Alenquer e o atraso do país da ditadura. A ata de uma reunião de trabalho com o Secretário de Estado das Obras Públicas, realizada em Alenquer a 11 de Abril de 1969, revela que o concelho tem 158,074 Km de vias municipais, e apenas 28,198 Km estavam alcatroados, tendo sido 17,045 Km alcatroados já em 1968, depois da cheias, o que é revelador do défice de infraestruturas, não apenas em Alenquer, mas em todo o país rural. Para além das estradas nacionais, praticamente não existiam outras estradas alcatroadas, e muitas das estradas que actualmente são municipais eram na altura meros caminhos vicinais. Pelas aldeias, no inverno, andava-se de pés na lama. Noutras passagens do texto é dito que existiam por electrificar 61 povoações com mais de 100 habitantes, seis das quais sedes de freguesia, e que apenas três povoações, para além da sede do concelho, tinham distribuição domiciliária de água. Portugal era um país rural e pobre; fora da capital vivia-se numa economia de precariedade austera; os recursos angariados pelo estado através da colecta de impostos eram gastos na guerra colonial; e o orçamento dos municípios dava para pouco mais do que para arranjar fontanários. Um pormenor pitoresco ilustra a escassez dos recursos municipais: a professora primária de Ribafria envia uma carta à Câmara Municipal a informar que mandou repor uma janela da escola, arrancada pelo temporal, acompanhada da respectiva factura. A Câmara Municipal responde que a professora não pode tomar essa iniciativa e diz-lhe que remeta a factura à Junta de Freguesia do Pereiro de Palhacana.

Depois da cheia, quando foi necessário limpar a lama das ruas e torná-las transitáveis, houve que recorrer à maquinaria e camiões das pedreiras que operavam na Carapinha, tal era a escassez dos meios próprios da Câmara. O Estado não tem meios. A tragédia foi enfrentada sobretudo através da solidariedade popular, de instituições caritativas e da intervenção dos estudantes do ensino superior, principalmente de Lisboa, e alguns da Faculdade de Medicina de Coimbra. Os estudantes que ajudam no socorro às populações sinistradas, vão ser perseguidos pelas polícias do regímen como agitadores.

Destaca-se o contributo solidário de emigrantes portugueses, em particular os de S. José da Califórnia, que enviaram 368 cheques nominativos para auxílio, através de “O Século”, 8 dos quais vieram para Alenquer. A Cruz Vermelha e empresas privadas ajudaram na reconstrução de casas, e sobretudo a Fundação Gulbenkian, faz diversas contribuições generosas para construção de moradias para os desalojados. Tem o nome de Bairro Gulbenkian a urbanização social construída em Paredes para realojar os desalojados das cheias.

o contributo das cheias para uma consciência social. As cheias de 1967 ajudaram a criar uma consciência social da pobreza em que se vivia, mesmo às portas de Lisboa, e da precariedade dos meios do Estado, incapaz de proteger e prestar auxílio às populações. Depois das cheias, Portugal deixava de ser um “cantinho” protegido pela providência, e descobria-se um país pobre e vulnerável. Enterrados os mortos e reparados os estragos, a tragédia viria a revelar-se também como um factor que contribuiu para abalar o regíme.

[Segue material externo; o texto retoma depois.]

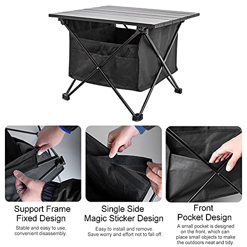 Kisbeibi Tavolo da campeggio pieghevole con borsa portaoggetti portatile pieghevole in alluminio da spiaggia (nero)
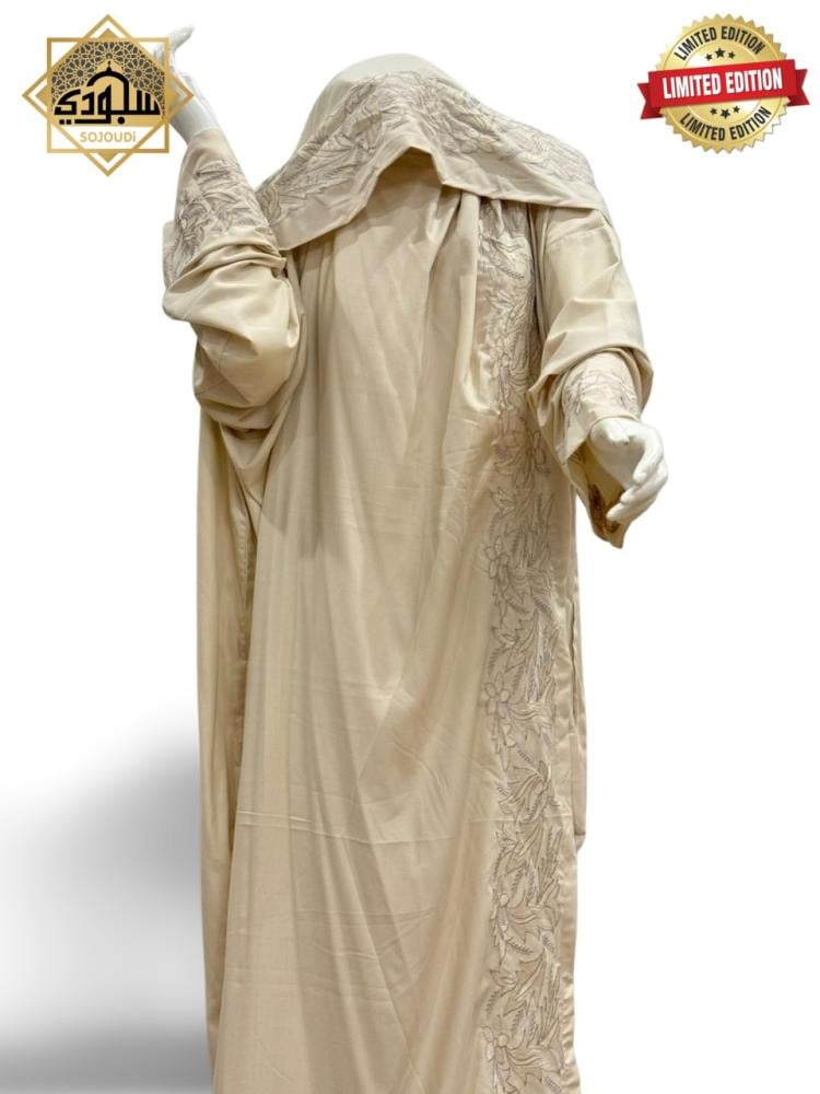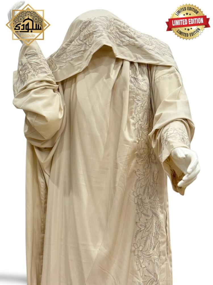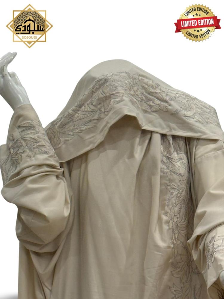 مصنوع من خامة ناعمة الملمس وباردة تمنحك الراحة والانتعاش أثناء الصلاة، مع طرحة متصلة لتوفير تغطية مثالية وسهولة في الارتداء.

Com a influência de Francisco Gomes da Silva, Gonçalo Ribeiro Teles e Nuno Portas, que elaboram um importante estudo sobre as inundações na região de Lisboa, as urbanizações sociais para realojar os sinistrados das cheias são edificadas fora de leitos de cheia, conceito do ordenamento territorial que é adoptado pelo regíme. O Bairro Gulbenkian está numa zona elevada de Paredes, e o bairro construído em Quintas para realojar os sobreviventes está também numa cota acima do nível das cheias.

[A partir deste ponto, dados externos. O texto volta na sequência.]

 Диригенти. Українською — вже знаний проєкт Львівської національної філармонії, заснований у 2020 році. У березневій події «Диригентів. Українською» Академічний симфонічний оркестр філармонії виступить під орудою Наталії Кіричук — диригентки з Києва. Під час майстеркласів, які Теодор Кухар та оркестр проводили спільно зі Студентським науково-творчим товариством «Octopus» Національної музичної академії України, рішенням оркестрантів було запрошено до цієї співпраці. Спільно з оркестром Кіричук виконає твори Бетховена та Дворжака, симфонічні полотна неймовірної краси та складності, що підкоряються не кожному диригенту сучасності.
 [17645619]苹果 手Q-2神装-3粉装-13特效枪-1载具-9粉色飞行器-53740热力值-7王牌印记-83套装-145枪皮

A tragédia de 1967 parece no entanto não ter perdurado na memória autárquica. Deposto o regíme e consagrada a liberdade revolucionária em 1974, restaurou-se também a liberdade de construir onde quer que fosse. Só com a introdução do conceito de Reserva Ecológica Nacional no ordenamento jurídico, em 1983, foram novamente introduzidas restrições à construção em leito de cheia. Entretanto, novas construções, ou urbanizações inteiras, tinham sido já edificadas, e novos direitos de construção tinham sido adquiridos. Alenquer é bem o exemplo disso.